What you will do:
The material below holds pictures; leave them out and reproduce exactly the lines from the one with "活動(dòng)最后,在陣陣" through the one with "[한국기술개발협회] 2021년도 정책자금 릴레이 무상방문 맞춤 컨설팅 지원사업", inclusive.

Exercise data:
————————
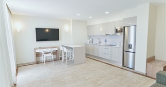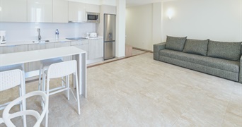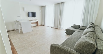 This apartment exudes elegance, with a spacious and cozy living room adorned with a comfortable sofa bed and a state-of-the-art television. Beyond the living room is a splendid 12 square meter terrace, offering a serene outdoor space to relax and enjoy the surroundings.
————————
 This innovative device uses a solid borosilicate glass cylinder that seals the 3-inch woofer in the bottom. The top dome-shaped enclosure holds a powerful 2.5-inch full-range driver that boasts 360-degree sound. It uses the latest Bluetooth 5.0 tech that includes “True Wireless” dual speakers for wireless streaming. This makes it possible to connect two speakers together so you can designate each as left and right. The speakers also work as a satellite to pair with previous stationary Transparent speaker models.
————————
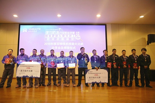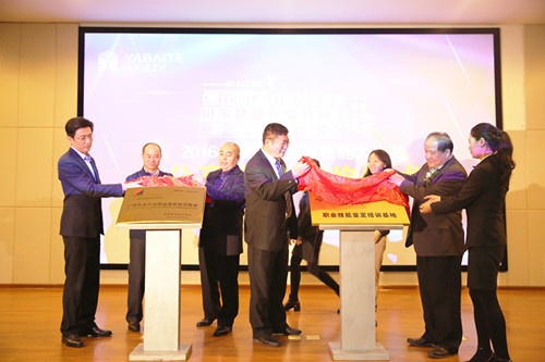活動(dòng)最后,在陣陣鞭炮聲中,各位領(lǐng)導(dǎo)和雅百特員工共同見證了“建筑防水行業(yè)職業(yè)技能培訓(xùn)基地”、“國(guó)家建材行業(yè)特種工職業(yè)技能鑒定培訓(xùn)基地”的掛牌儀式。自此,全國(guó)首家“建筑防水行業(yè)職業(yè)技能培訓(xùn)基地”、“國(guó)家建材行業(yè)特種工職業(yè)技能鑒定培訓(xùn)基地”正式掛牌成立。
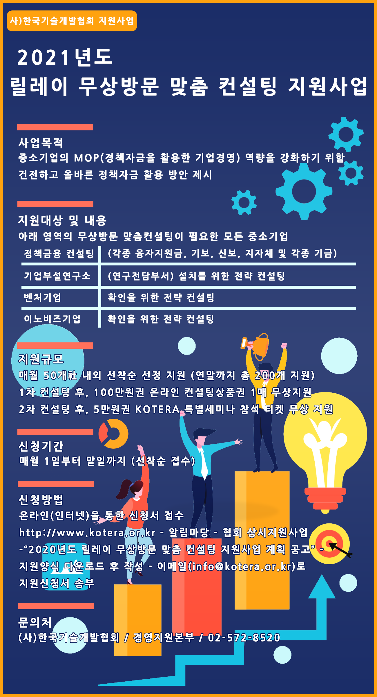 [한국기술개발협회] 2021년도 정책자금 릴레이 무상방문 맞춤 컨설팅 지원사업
————————
Response below:
活動(dòng)最后,在陣陣鞭炮聲中,各位領(lǐng)導(dǎo)和雅百特員工共同見證了“建筑防水行業(yè)職業(yè)技能培訓(xùn)基地”、“國(guó)家建材行業(yè)特種工職業(yè)技能鑒定培訓(xùn)基地”的掛牌儀式。自此,全國(guó)首家“建筑防水行業(yè)職業(yè)技能培訓(xùn)基地”、“國(guó)家建材行業(yè)特種工職業(yè)技能鑒定培訓(xùn)基地”正式掛牌成立。
 [한국기술개발협회] 2021년도 정책자금 릴레이 무상방문 맞춤 컨설팅 지원사업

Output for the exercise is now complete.